__What is being asked__:
All lines below between the line with "milk and cream" and the line with "Bolu’da park halindeki", including both, must be copied exactly, and the pictures must be omitted.

__Source material__:
►

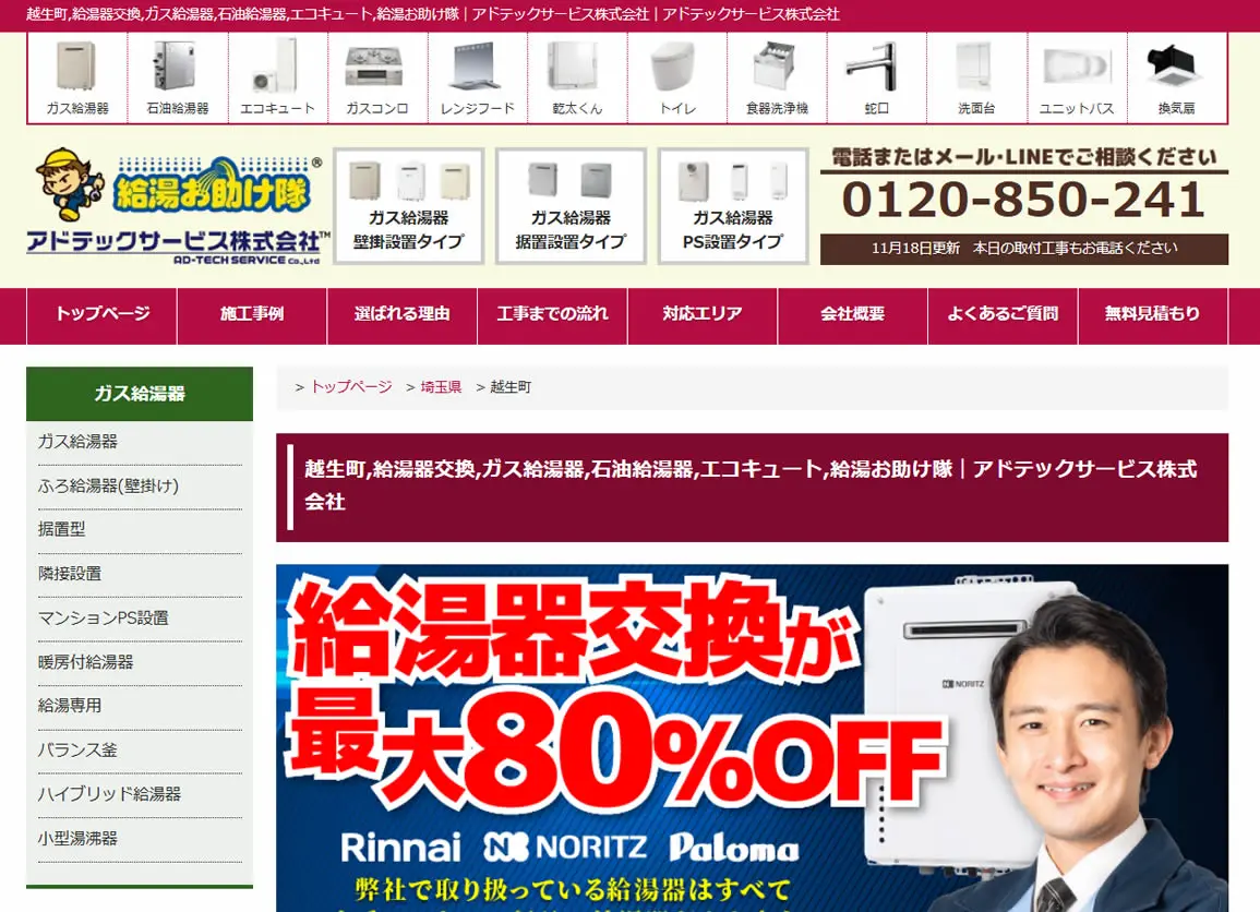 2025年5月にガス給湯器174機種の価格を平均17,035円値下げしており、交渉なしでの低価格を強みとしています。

◄
►

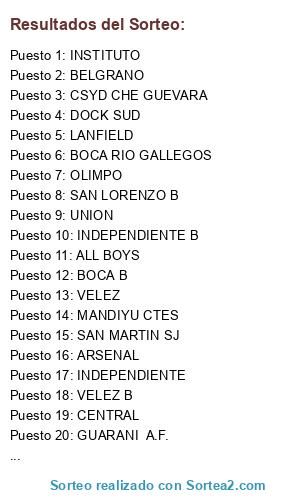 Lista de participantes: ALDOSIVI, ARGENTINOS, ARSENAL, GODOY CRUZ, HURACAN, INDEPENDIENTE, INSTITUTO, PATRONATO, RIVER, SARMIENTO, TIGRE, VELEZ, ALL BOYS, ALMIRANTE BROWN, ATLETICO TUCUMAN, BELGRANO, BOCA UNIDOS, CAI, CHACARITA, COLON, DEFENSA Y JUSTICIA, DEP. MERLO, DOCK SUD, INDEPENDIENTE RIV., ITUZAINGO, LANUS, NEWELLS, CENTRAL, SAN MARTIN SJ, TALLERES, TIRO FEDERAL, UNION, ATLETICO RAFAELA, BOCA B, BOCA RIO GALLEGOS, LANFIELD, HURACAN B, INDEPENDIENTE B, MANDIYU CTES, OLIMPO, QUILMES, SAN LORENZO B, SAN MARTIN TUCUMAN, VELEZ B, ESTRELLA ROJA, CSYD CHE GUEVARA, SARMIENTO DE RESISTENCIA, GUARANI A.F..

◄
►

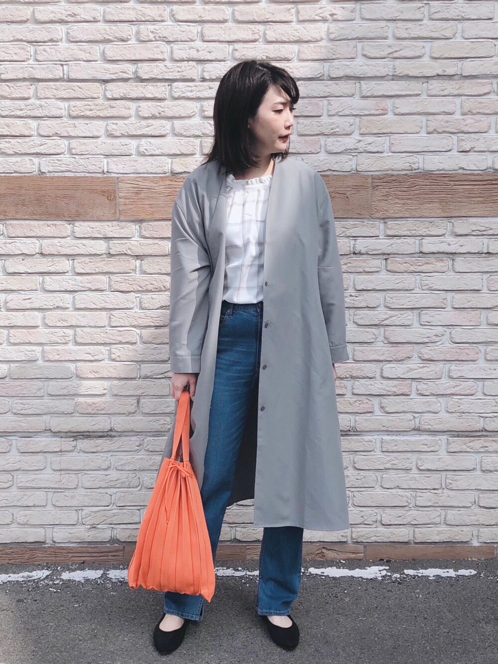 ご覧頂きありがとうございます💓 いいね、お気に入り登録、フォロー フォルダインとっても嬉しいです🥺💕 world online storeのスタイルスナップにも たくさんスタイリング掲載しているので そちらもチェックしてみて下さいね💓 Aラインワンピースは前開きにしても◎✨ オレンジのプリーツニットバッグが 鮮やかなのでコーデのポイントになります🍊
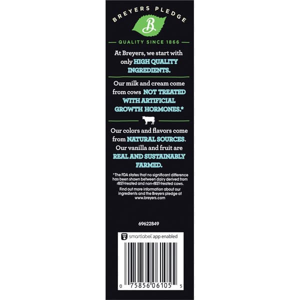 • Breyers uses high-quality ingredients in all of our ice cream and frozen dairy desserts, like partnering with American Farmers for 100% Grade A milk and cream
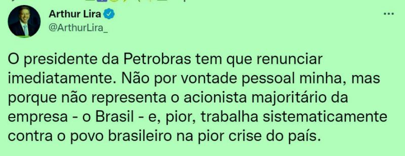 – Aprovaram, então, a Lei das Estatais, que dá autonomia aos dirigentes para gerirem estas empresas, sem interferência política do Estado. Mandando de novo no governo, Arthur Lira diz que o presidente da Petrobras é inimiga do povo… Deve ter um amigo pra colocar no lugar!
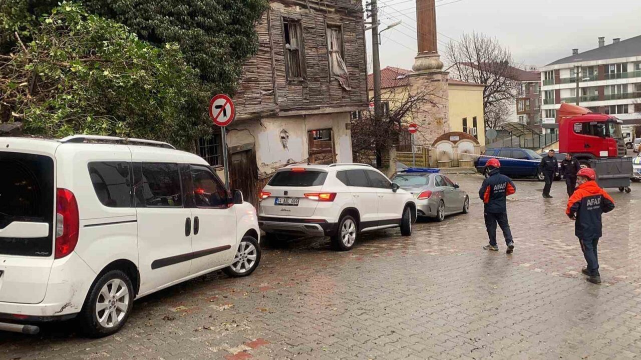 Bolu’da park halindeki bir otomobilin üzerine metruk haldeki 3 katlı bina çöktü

◄

__Expected output__:
 • Breyers uses high-quality ingredients in all of our ice cream and frozen dairy desserts, like partnering with American Farmers for 100% Grade A milk and cream
 – Aprovaram, então, a Lei das Estatais, que dá autonomia aos dirigentes para gerirem estas empresas, sem interferência política do Estado. Mandando de novo no governo, Arthur Lira diz que o presidente da Petrobras é inimiga do povo… Deve ter um amigo pra colocar no lugar!
 Bolu’da park halindeki bir otomobilin üzerine metruk haldeki 3 katlı bina çöktü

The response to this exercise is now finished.